Para el docente

¡A leer!

La producción y comprensión de discursos orales y escritos son capacidades que incumben a todas las asignaturas. Es en la escuela donde se aprenden y desarrollan las diversas estrategias para ejercitarlas.

 

Comprender un texto implica conformar una representación mental de su contenido y poner en funcionamiento una serie de procesos cognitivos, que suponen distintos niveles de comprensión.

 

Una lectura literal, de superficie, recurre a ciertos mecanismos diferentes de los que se necesitan para una lectura más profunda. Este tipo de lectura implica realizar inferencias y apreciaciones críticas de lo leído, por ejemplo, y hasta puede ser un disparador para realizar nuevas producciones personales.

 

Estos procesos cognitivos deben promoverse desde el Nivel Inicial, para que los estudiantes sean capaces de leer de manera autónoma, ya que “la comprensión lectora es una capacidad que se encuentra en el eje de todas las actividades de comunicación y de aprendizaje, ocupando un lugar central en la vida y en la escuela. En la vida, porque constituye una de las vías principales para la asimilación de la experiencia acumulada por la humanidad; en la escuela, porque su apropiación favorece el desarrollo intelectual y afectivo del estudiante”.

 

La lectura es una actividad cognitiva de alta complejidad, en la que intervienen diversos factores, lingüísticos y culturales, que se consolida con el trabajo áulico sistemático y compartido con los pares. El propósito esencial de la escuela es hacer extensivas estas capacidades de comprensión más allá del ámbito escolar para formar ciudadanos críticos.

 

Por esto mismo, un evento de interés global como el Mundial de Fútbol es una buena oportunidad, la excusa perfecta, para aprovechar el fervor que genera y acercar la lectura a los chicos.

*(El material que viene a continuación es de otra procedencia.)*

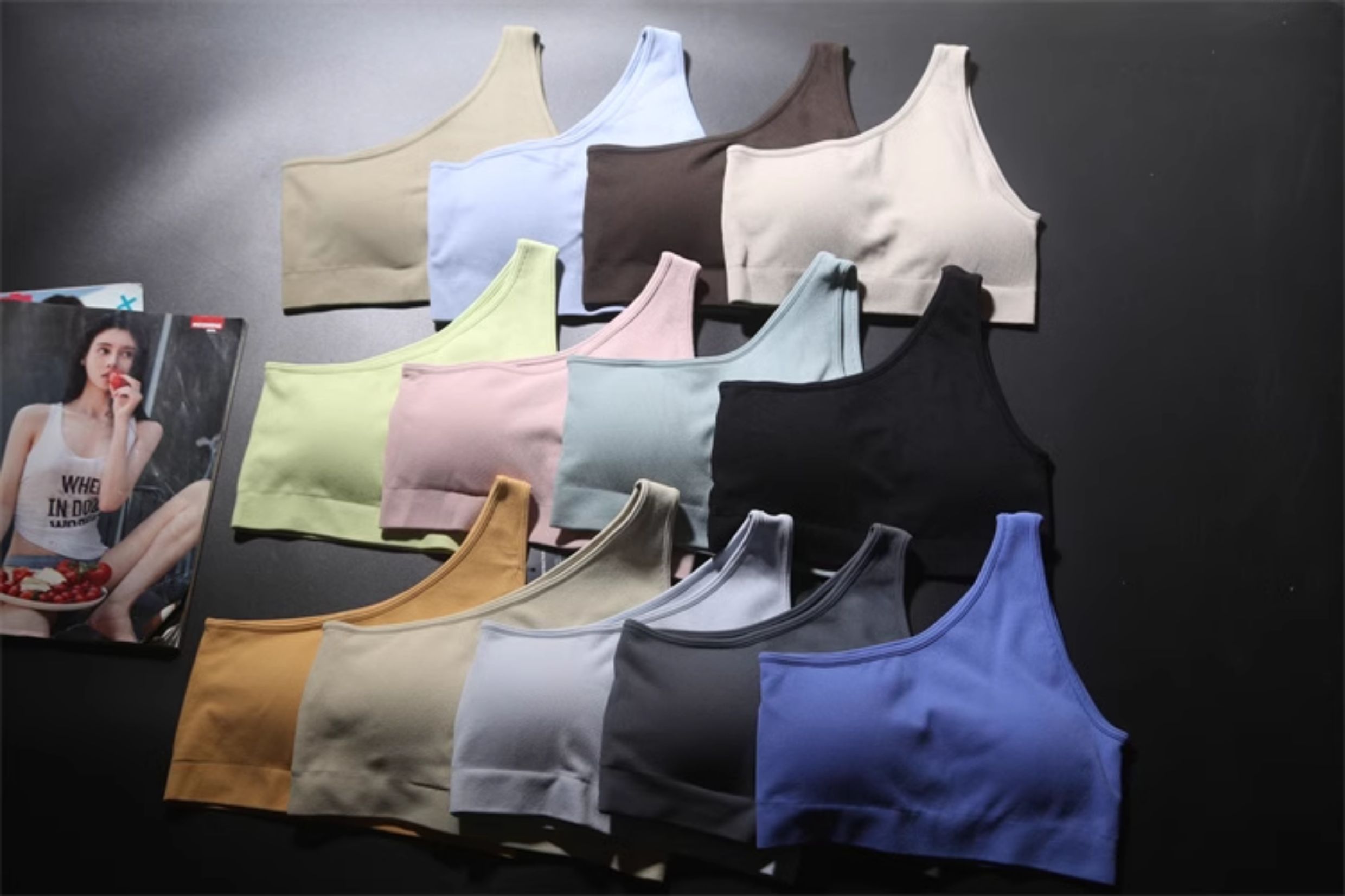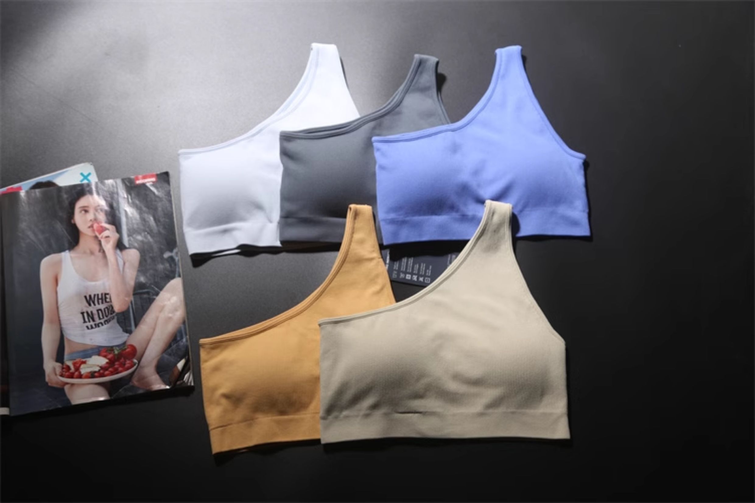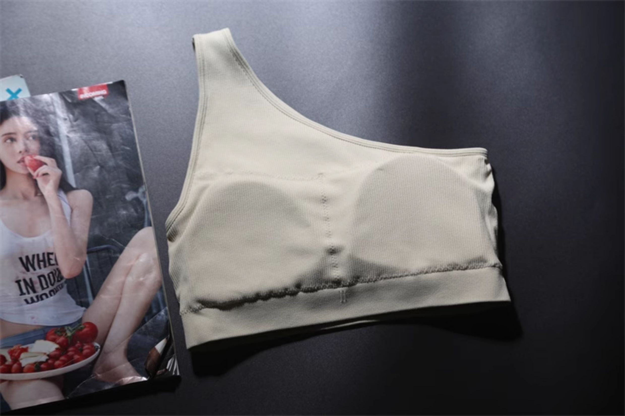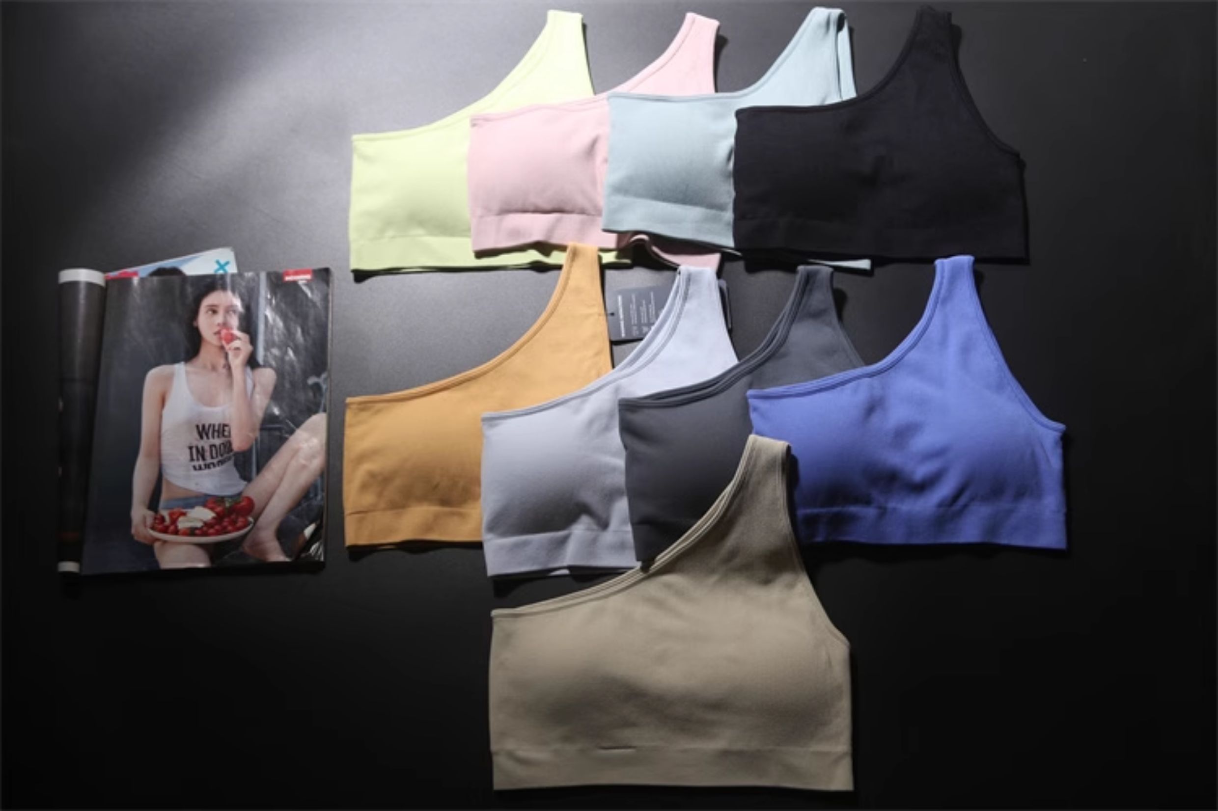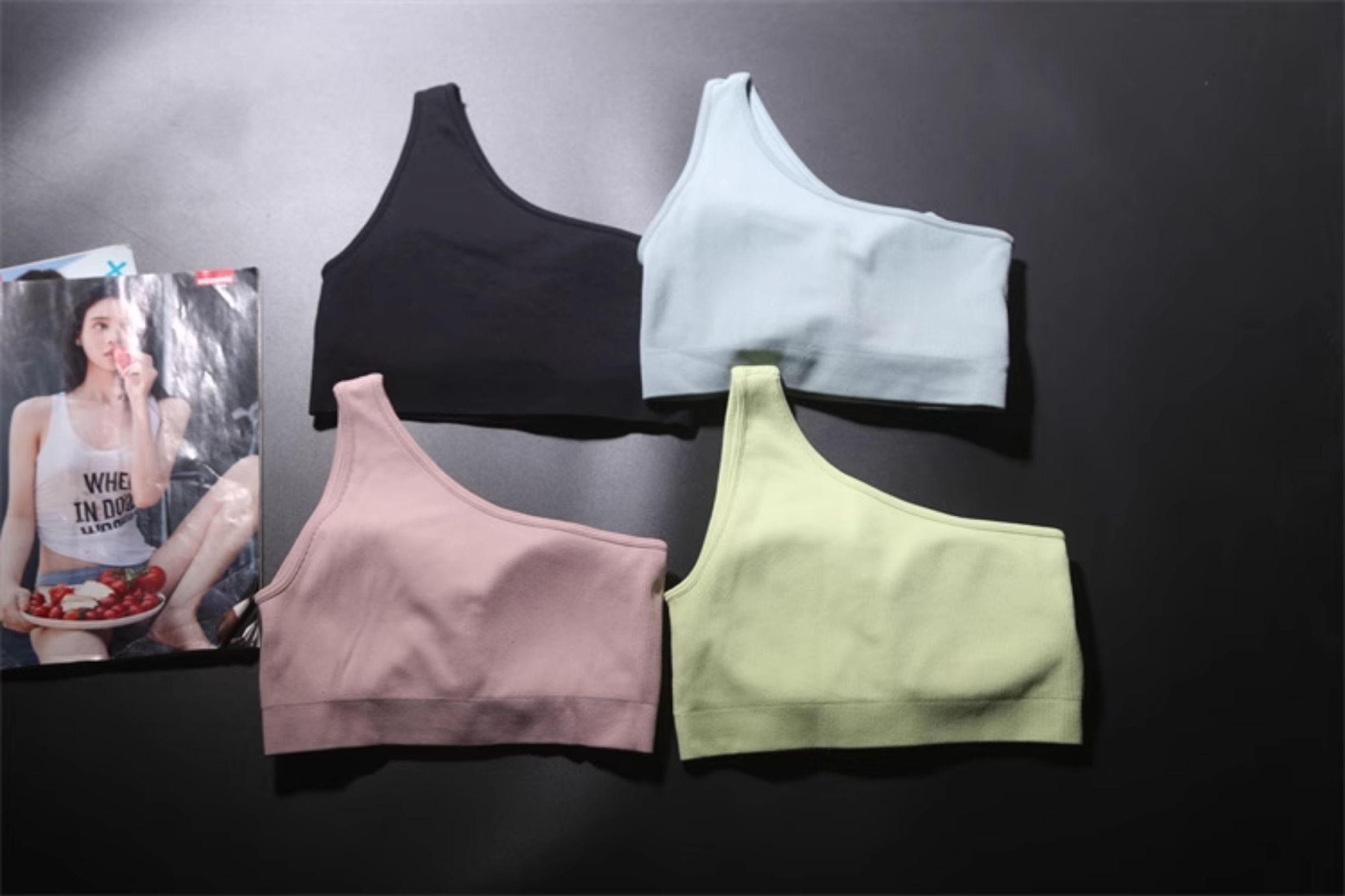 欧美牛货!单肩运动文胸女美背防震跑步聚拢斜肩背心健身瑜伽内衣
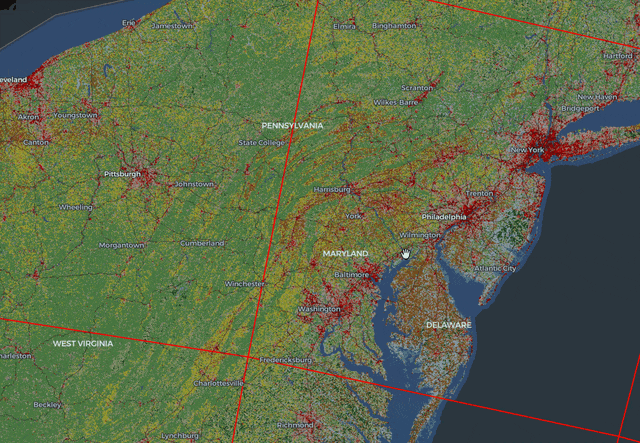 In this screenshot of the NLCD Land Cover example, you can see the lower-resolution data is still rendered while waiting for the higher resolution data to load. (The red rectangular outlines are the boundaries of the COG tiles)
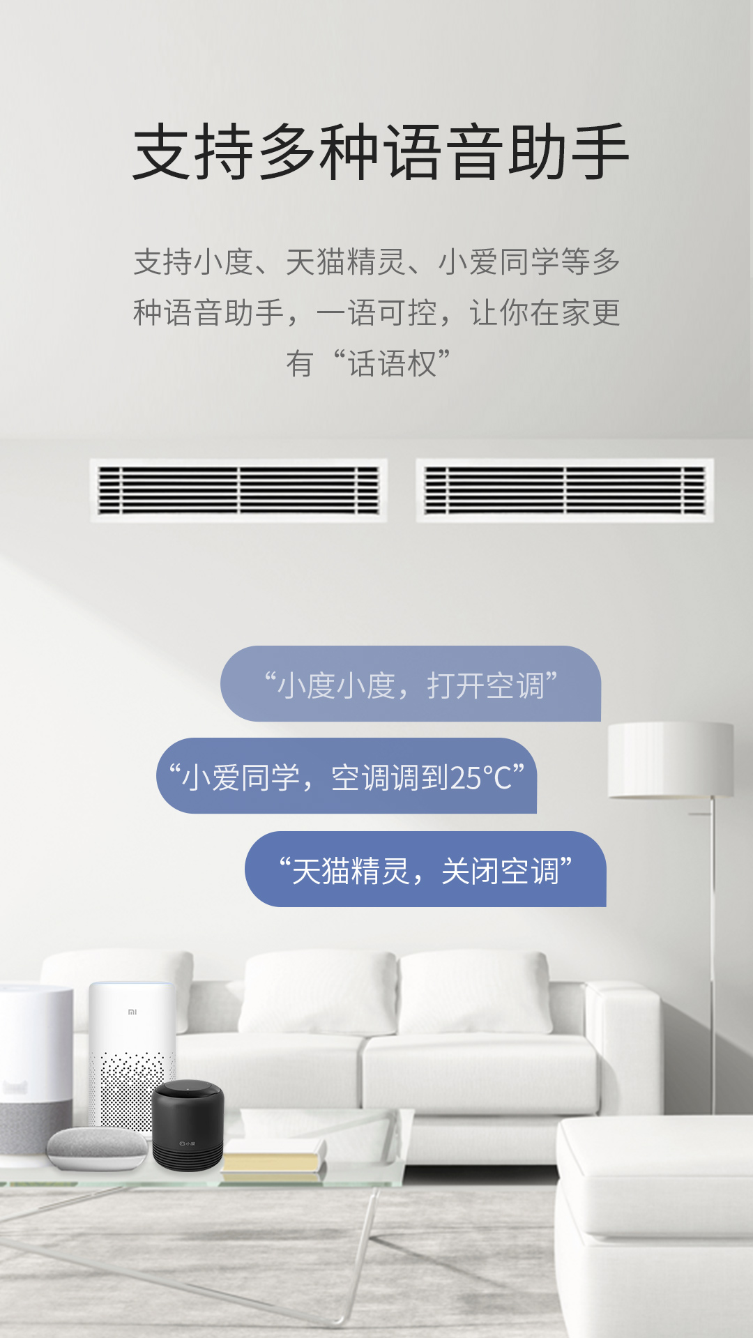 中央空調(diào)智能網(wǎng)關(guān)支持小度、天貓精靈、小愛同學(xué)等多種語音音箱的控制,想開空調(diào)或是空調(diào)想調(diào)到幾度,一句話搞定。
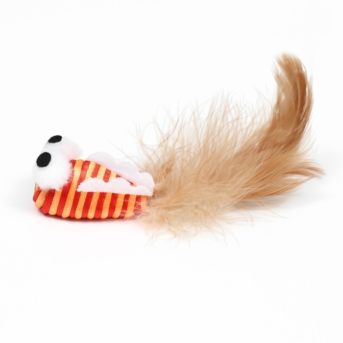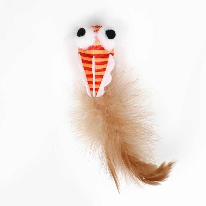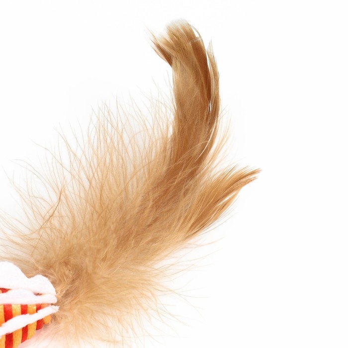 Игрушка для кошек "Полосатая рыба" с перьями, 5 см, оранжевая
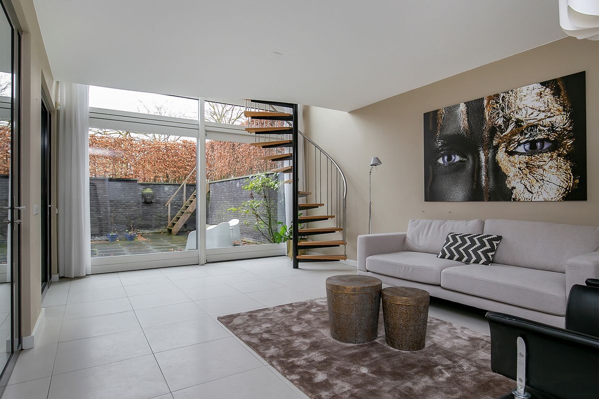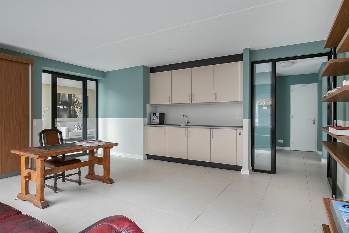 Op de eerste verdieping vindt u een toilet, berging, eetkamer en aansluitend de woonkamer en keuken. De ruime eetkamer heeft een sfeervolle doorkijkgashaard en een brede schuifpui naar een royaal dakterras van ca. 21 m². De luxe maatwerkkeuken is uitgevoerd in hoekopstelling met spoeleiland en provisiekast en voorzien van hoogwaardige inbouwapparatuur, waaronder een combi-oven, stoomoven, 5-pits gaskookplaat, vaatwasser, Amerikaanse koelkast en afzuigkap. De lichte woonkamer beschikt over hoge raampartijen, een vide en een spiltrap die in verbinding staat met de tuinkamer.
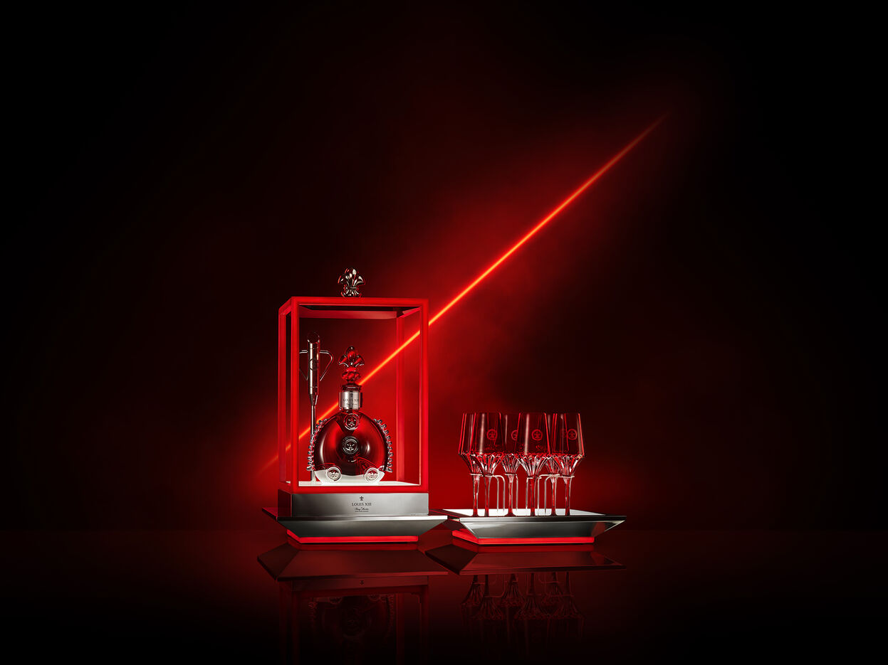 路易十三与历史悠久的欧洲制造商圣路易(Saint-Louis)携手合作,共同打造卓越超群的焕夜N13特别款绯红色酒樽及专属品鉴杯,活力非凡的色调只有借助于添加金质原料的特殊工艺方可实现。焕夜N13特别款酒樽全由手工精制而成,包括吹制、切割、整饰及镌刻专属编号,呈现动人心魄的尊贵绯红色,瓶颈处饰有钯金,樽身两侧饰有透明细齿纹饰,增添点睛之笔,彰显圣路易对于技艺传承、专业知识及开拓创新的热情。路易十三焕夜N13特别款品鉴仪式结束后,如有所需,客户可根据俱乐部规则及当地法规拥有路易十三焕夜N13特别款珍罕酒樽,留作终生难忘的珍藏纪念,并可通过NFC功能瓶塞访问路易十三臻峯汇及所有会员权益。
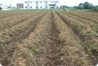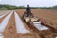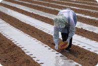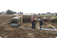 堆肥、肥料を施した畑を整地した後、透明又は黒の薄いフィルムを張ります。これはマルチといい、地温を上げて発芽の促進と初期の育成を助ける効果があります。
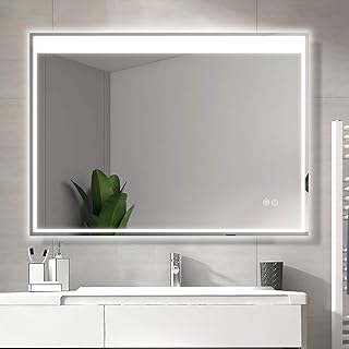 Beautimira LED ミラー 洗面所 浴室鏡 洗面台 ledライト付 3色調整可能 横掛け縦掛け可能 (40*60CM) シルバー
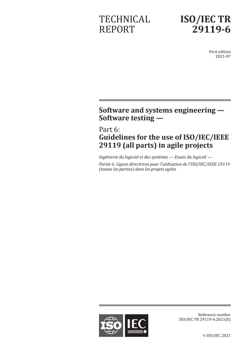 ISO/IEC TR 29119-6:2021 - Software and systems engineering — Software testing — Part 6: Guidelines for the use of ISO/IEC/IEEE 29119 (all parts) in agile projects Released:7/15/2021
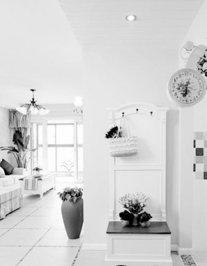原本米白色墙面在视觉上扩大了空间,可以在墙面上选择搭配几块手绘咖啡色小方块,或者是原木深色加上黑白老照片的镜框,活跃了空间的整体氛围,简洁而不失优雅。

Mediante seis secciones –Estadios mundialistas, Los que van al mundial, Jugadores mundialistas, Argentina en los mundiales, Anecdotario mundialista y Rusia, decime qué se siente– y con una batería de recursos que estimulan la curiosidad, se abordarán contenidos culturales, históricos, geográficos, científicos e incluso matemáticos.

Tras la lectura de los textos, los alumnos tendrán que responder una trivia, lo que le suma un carácter lúdico a esta secuencia. Podrán comprobar no solo cuán correctas son sus interpretaciones sobre el texto, sino que el Mundial …¡también se juega en la escuela!

 

¡A jugar!

La trivia es un juego de habilidad donde el jugador debe contestar preguntas sobre un tema específico. Cada pregunta tiene distintas opciones para elegir como respuesta, además de un valor en puntos y un tiempo estipulado para su resolución.

 

Los alumnos pueden resolver las trivias del Mundial en clase, en la sala de informática o en sus casas. Para jugar, solo necesitan una conexión a internet. No es necesario que todos jueguen y pongan a prueba sus conocimientos al mismo tiempo, puede ser un juego asincrónico. Si no se cuenta con una conexión a internet, tanto los textos como las trivias se pueden imprimir.

 

Cada trivia está conformada por quince preguntas. Al finalizar, los alumnos reciben un puntaje por la cantidad de aciertos. Luego pueden elegir volver a jugar para mejorar su puntaje o revisar sus respuestas, para ver cuáles resolvieron bien y cuáles no. También pueden compartir los resultados en clase con sus compañeros.

 

Para realizar las trivias del Mundial elegimos Educaplay, una herramienta gratuita de la web que permite crear actividades interactivas de forma rápida y sencilla, y que no requiere que los alumnos se registren.